Have you tried rebooting, then deleting? If the file is still in use or caught in a loop, rebooting should free it up.

How much free space is left on the external drive, and have you defragged it lately?


----------



## trucanadian (Nov 5, 2008)

*Re: Can't delete file (Yes i tried command prompt)*

Yes of course i've rebooted the computer and turned the thing off. About 25 GB free. I'll try defraging now.

On a side note, why was this moved to windows xp. I said in my post I was using vista -- although I suppose the harddrive doesn't care whether i'm using vista or xp.


----------



## koala (Mar 27, 2005)

*Re: Can't delete file (Yes i tried command prompt)*

It was moved from the General Security forum.
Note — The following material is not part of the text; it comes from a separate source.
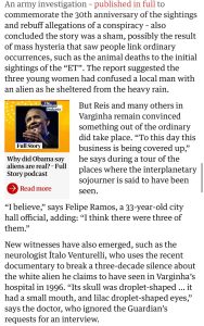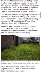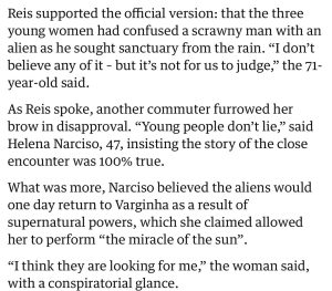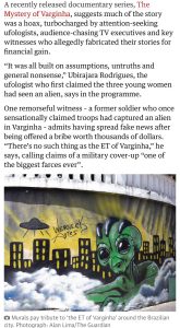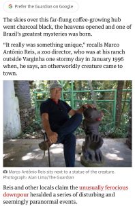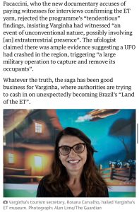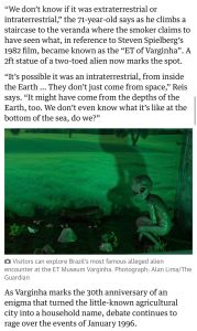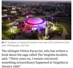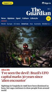 A reportagem do Jornal The Guardian relembra o Incidente de Varginha, ocorrido em 1996, quando moradores relataram ter visto uma suposta criatura extraterrestre. O episódio permanece como um dos casos mais conhecidos e talvez o mais importante da ufologia mundial.

You have XP listed as your OS under your name. I'll move it to the Vista forum.


----------



## trucanadian (Nov 5, 2008)

*Re: Can't delete file (Yes i tried command prompt)*

no defragging didn't work either,


----------



## koala (Mar 27, 2005)

*Re: Can't delete file (Yes i tried command prompt)*

How to delete stubborn files: *http://www.softwarepatch.com/tips/howto-delete-xp.html* (XP, but also applies to Vista)

Delete file after rebooting: *http://www.emco.is/products/move-on-boot/features.php* (Vista-compatible)

25GB is a little low for free space on a 500GB drive. Windows works most efficiently when there is at least 15% free space (75GB in your case), especially when video editing where large temp files need to be created and accessed.


----------



## jcgriff2 (Sep 30, 2007)

*Re: Can't delete file (Yes i tried command prompt)*

When you tried via command prompt, did you 
- make sure file attributes were -h -s -r
- run cmd/DOS prompt at an elevated administrative level
- take ownership of the file via takeown (although if FAT32, may not be necessary)
- change file permission settings (FAT32 same)
- make sure the file was not "in use"

- did you try to log on to the hidden admin account?

Regards. . .

jcgriff2

.


----------



## mitekberea (Dec 11, 2009)

*Re: Can't delete file (Yes i tried command prompt)*

File Assassin from malwarebytes.com works pretty good for these type issues. We use it all the time in our shop.

http://www.malwarebytes.org/fileassassin.php

Mike


----------



## l_b_rex (Jun 4, 2007)

*Re: Can't delete file (Yes i tried command prompt)*

You might be able to delete it from in safe mode.


----------



## trucanadian (Nov 5, 2008)

*Re: Can't delete file (Yes i tried command prompt)*

I tried takeown and it worked. Thank you very much jcgriff2. I don't know why and error didn't just pop up beforehand telling me i didn't have permission.


----------



## jcgriff2 (Sep 30, 2007)

*Re: Can't delete file (Yes i tried command prompt)*

Hi - 

Thanks for posting back w/ solution. I am glad to hear that takeown worked for you.

Have a good weekend.

Regards. . .

jcgriff2

.


----------